Orders for U.S. durable goods fell in March by the most in three years, depressed by a pullback in demand for aircraft that masked gains in business investment.
Bookings for goods meant to last at least three years dropped 4.2 percent, more than forecast and the biggest decrease since January 2009, Commerce Department data showed today in Washington. Sales of non-military capital equipment excluding planes climbed for a second month, prompting some economists to raise first-quarter forecasts for gross domestic product.
Demand for cars and auto supplies is supporting companies from 3M Co. (MMM) to Texas Instruments Inc., showing manufacturing will underpin the world’s largest economy. At the same time, factories may give way to service industries as a pillar of the expansion as a slowdown in global growth curbs exports.
“There’s some caution looking ahead,” said Tom Porcelli, chief U.S. economist at RBC Capital Markets LLC in New York. “The new orders would suggest that there’s perhaps a modest reassessment taking place.” The shipments figure “actually bodes well for GDP” in the first quarter, he said.
Federal Reserve policy makers said at the conclusion today of their meeting that they expect the economy to expand gradually, refraining from new actions to lower borrowing costs.
The central bank “expects economic growth to remain moderate over coming quarters and then to pick up gradually,” the Federal Open Market Committee said in a statement after the two-day meeting in Washington. Unemployment has fallen, “but remains elevated,” policy makers said.
Stocks rose, sending benchmark indexes higher for a second day, after better-than-estimated earnings from Apple Inc. to Boeing Co. (BA) The Standard & Poor’s 500 Index climbed 1.4 percent, the most in almost two weeks, to 1,390.69 at the close in New York.
Elsewhere today, a report showed the U.K. economy shrank 0.2 percent in the first quarter after contracting 0.3 percent in the prior three months as Britain slid into its first double- dip recession since the 1970s.
Estimates of 81 economists surveyed by Bloomberg News projected U.S. durable goods orders would fall 1.7 percent last month. Projections ranged from a drop of 4 percent to a gain of 2.2 percent.
Demand for transportation equipment dropped 12.5 percent, the most since November 2010, led by a 48 percent plunge in civilian aircraft bookings.

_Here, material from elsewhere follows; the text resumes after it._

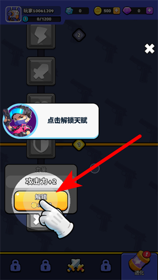 2、在天赋界面点击解锁按钮,解锁攻击力+2的力量类天赋,增强角色战斗属性。

Boeing said it received orders for 53 planes last month after demand surged to 237 in February.
Chicago-based Boeing today posted a first-quarter profit that beat analysts’ estimates and raised its 2012 forecast as it delivered more commercial jets while pushing production to record levels. The world’s biggest aerospace company is boosting output by more than 60 percent in the four years through 2014 to pare a record order backlog.
Bookings for automobiles and parts increased 0.1 percent after a 2 percent rise the previous month, today’s durable goods report showed.
Auto manufacturing has been bolstering factory growth. Cars last quarter sold at the fastest pace in four years, according to industry data.
3M, the maker of fuel system tuneup kits and Post-it Notes, yesterday jumped the most since January after posting a first- quarter profit that beat analysts’ estimates because of rising U.S. auto and industrial demand. The St. Paul, Minnesota-based company’s industrial and transportation unit posted sales of $2.66 billion, an 8.6 percent increase.
Today’s report showed shipments of non-defense capital goods excluding aircraft, used in calculating GDP, increased 2.6 percent in March after rising 1.4 percent the previous month.
Bookings for such goods, a proxy for future business investment in items like computers, engines and communications gear, decreased 0.8 percent after a revised 2.8 percent increase the prior month. The February gain was previously estimated at 1.7 percent.
The gain in shipments prompted economists at Morgan Stanley in New York to raise their tracking estimate for growth in the first quarter to 2.9 percent from 2.7 percent before the data were released. At the same time, the drop in orders is “pointing to softer investment spending going forward,” Morgan Stanley economist Ted Wieseman said in a note to clients.
A Commerce Department report in two days will show the economy grew at a 2.5 percent annual rate from January through March after expanding at a 3 percent pace in the previous three months, according to the median forecast of economists surveyed by Bloomberg. The strongest gain in consumer spending in more than a year will probably be offset by a smaller contribution from inventory restocking, economists said.
Caterpillar Inc. (CAT), the world’s largest maker of construction and mining equipment, is among companies still seeing gains in demand. The Peoria, Illinois-based company today raised its earnings forecast and posted first-quarter profit that topped analysts’ estimates.
Manufacturers mentioned gains in automotive and high- technology industries, the Fed said in its Beige Book business survey, published two weeks before today’s meeting in Washington. The firms “expressed optimism about near-term growth prospects, but they are somewhat concerned about rising petroleum prices,” the Fed said in the report.